In mandatory retirement savings systems like Australia’s Superannuation Guarantee, default options are critical. A ‘default’ is where the investment is chosen on behalf of the investor, such as by their employer. In other words, the investor accepts the default option. International research and experience show that ‘passive’ regulatory settings like defaults are far more important than those relying on active decisions like tax concessions. Super fund members face two key defaults: the fund itself and then the investment strategy.
The recent introduction of MySuper gave the superannuation sector a reason to review and renew default settings. And with the support of the Centre for International Finance and Regulation, the research paper, Delegation, trust and defaulting in retirement savings: Perspectives from plan executives and members, was commissioned to find out how well the refurbished MySuper defaults fit the people they are designed for. We interviewed superannuation fund executives and collected their impressions of member needs and characteristics, and the goals of MySuper defaults. Then we surveyed over 1000 members on their default behaviour, reasons for defaulting or opting out, and their superannuation goals.
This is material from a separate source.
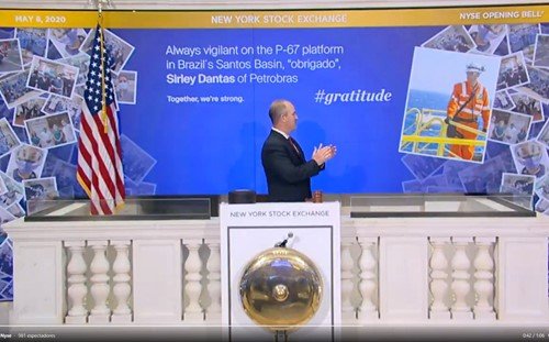 A Petrobras foi reconhecida, pela NYSE, a bolsa de Nova York, como uma das 40 empresas do mundo que estão atuando com segurança durante a crise do novo coronavírus. Na cerimônia de abertura do mercado americano de hoje, tradicionalmente marcada pelo toque do sino da bolsa, a companhia foi representada pela projeção na tela da foto de um de seus colaboradores, a bordo da plataforma P-67, em um campo do pré-sal.

More active choices than expected
More members described themselves as active choosers than we expected. The diagram below shows the proportion of members who stayed with the default fund and default investment option. Only 36% of our sample defaulted at both stages, meaning that 64% made at least one active choice. Also, around one-quarter of members in the default fund and 9% of investment defaulters chose the default options deliberately. So the proportion of completely passive defaulters in our sample is probably below one-third. Clearly, not all defaulters are completely disengaged or uninformed, and conversely non-default choices are not a simple proxy for member interest and engagement.
Defaulters are more likely to be younger, female and have lower incomes than non-defaulters. As account balances rise and retirement approaches, the costs of a non-optimal default become larger and are likely to prompt more members to make another choice. Interestingly the financial literacy of defaulters was only a little lower than that of choosers and the difference was not statistically significant.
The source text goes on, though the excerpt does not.